This study has certain limitations. The discrepant associations observed across different tumor types underscore the context-dependent functionality of ZNF668, warranting further investigation to delineate its specific mechanistic roles. Furthermore, while ZNF668 shows promise as a biomarker, its prognostic and diagnostic utility requires robust validation in larger, prospectively collected clinical cohorts. Critically, the proposition of Dasatinib as a putative inhibitor of ZNF668 is currently based solely on in silico predictions; therefore, empirical corroboration via biophysical assays, such as the cellular thermal shift assay or surface plasmon resonance, is required to confirm a direct interaction.

5. Conclusions

In summary, this study redefines ZNF668 as a key mediator of immunosuppression and a biomarker for poor prognosis. Our work reconciles the conflicting reports of ZNF668’s tumor-suppressive in vitro activities with its clear pro-tumorigenic association in patients, identifying the TME as the decisive, context-dependent switch, which is mechanistically underscored by a strong correlation with CAF abundance that cultivates a T-cell-exhausted, immunosuppressive landscape. This association provides a clear rationale for targeting ZNF668, with Dasatinib identified as a potential inhibitor. Our study provides a new framework for restoring effective anti-tumor immunity by targeting ZNF668 to dismantle the immunosuppressive TME.

Supplementary Materials

The following supporting information can be downloaded at: https://www.mdpi.com/article/10.3390/cimb47120997/s1.

Author Contributions

Conceptualization, X.H. and C.H.; Methodology, X.H. and J.G.; Project Administration, S.C.; Resources, X.H.; Data Curation, X.H. and W.H.; Formal Analysis, X.H. and H.Z.; Supervision, C.H.; Writing—Original Draft, All authors; Writing—Review and Editing, All authors. All authors have read and agreed to the published version of the manuscript.

Funding

This research received no external funding.

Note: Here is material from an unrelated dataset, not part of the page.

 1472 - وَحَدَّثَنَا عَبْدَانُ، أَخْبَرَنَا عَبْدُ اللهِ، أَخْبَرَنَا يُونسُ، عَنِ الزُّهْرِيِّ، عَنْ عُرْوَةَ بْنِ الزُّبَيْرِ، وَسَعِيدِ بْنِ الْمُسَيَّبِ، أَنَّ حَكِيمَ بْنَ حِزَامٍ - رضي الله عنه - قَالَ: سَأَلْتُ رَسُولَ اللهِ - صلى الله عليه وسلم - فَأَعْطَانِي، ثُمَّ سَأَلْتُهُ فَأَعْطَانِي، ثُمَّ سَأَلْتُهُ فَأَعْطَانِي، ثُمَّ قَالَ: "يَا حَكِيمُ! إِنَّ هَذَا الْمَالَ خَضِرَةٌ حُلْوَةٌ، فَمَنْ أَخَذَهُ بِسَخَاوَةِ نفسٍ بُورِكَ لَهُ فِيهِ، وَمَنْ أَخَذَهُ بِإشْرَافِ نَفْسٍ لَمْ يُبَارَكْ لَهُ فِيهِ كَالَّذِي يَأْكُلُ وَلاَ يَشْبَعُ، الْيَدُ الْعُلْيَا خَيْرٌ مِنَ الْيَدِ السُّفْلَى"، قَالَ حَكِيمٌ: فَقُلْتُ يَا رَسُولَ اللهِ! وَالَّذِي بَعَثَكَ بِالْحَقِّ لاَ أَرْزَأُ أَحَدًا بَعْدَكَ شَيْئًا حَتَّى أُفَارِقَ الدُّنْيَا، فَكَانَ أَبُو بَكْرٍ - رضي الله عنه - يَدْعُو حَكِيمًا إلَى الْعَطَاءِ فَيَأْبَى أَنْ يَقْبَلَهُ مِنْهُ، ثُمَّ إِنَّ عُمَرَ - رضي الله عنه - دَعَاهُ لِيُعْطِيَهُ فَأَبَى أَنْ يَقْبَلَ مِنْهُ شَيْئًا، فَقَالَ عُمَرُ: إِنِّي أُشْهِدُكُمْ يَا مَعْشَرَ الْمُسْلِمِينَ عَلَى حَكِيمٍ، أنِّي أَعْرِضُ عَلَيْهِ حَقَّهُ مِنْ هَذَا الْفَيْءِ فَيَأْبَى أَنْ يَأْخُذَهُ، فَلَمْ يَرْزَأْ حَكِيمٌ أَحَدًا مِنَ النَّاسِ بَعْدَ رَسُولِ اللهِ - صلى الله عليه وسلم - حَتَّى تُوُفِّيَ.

Institutional Review Board Statement

The study was conducted using publicly available data from The Cancer Genome Atlas (TCGA), the Human Protein Atlas (HPA), and the Clinical Proteomic Tumor Analysis Consortium (CPTAC). According to Article 32 of the “Measures for the Ethical Review of Life Science and Medical Research Involving Humans” (People’s Republic of China, 2023), the research was exempted from ethics committee review as it involved publicly available and non-identifiable human data.

Informed Consent Statement

Patient consent was waived as the study used only publicly available and de-identified datasets.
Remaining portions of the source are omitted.